Current Mood: worried
 
 
ahjoycieee
01 June 2007 @ 10:18 am

wednesday night was spent with *carol, tim, mark, boyfriend and his friends. i swear i will never want to club on public holidays or on the eve of public holidays. you totally got sandwiched and pushed around by people, worse still, get elbowed by people. carol, i promise i will elbow the man back for you next time we see him again alrights. ((:

for certain reasons or so, i din really enjoyed myself that night. well well. certain things are better left unsaid. yeah. but still, million thanks to mark and tim for staying with me throughout the night though i know you guys really want to go to 54. 

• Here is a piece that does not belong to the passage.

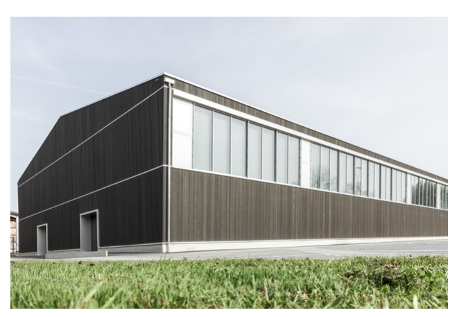
Gymnasium after renovation

mom was pretty surprised that we woke up early the next morning despite reaching home at around 5 in the morning. had lunch and went back to sleep again later in the afternoon. i was rather disapointed at how things did not turn out where it should be or it can may. i spent the whole vesak day at home. yeah. and now that sip had started and for a dont-really-like-to-stay-home person like me, its kind of saddening to actually stay home during public holiday. and if im not wrong, thats actually the last public holiday in the whole of the remaining sip days. sigh. all i hope now is that my weekends turn out fine.

im just so sick of what im gong through now. it just aint what i want. life's a dick.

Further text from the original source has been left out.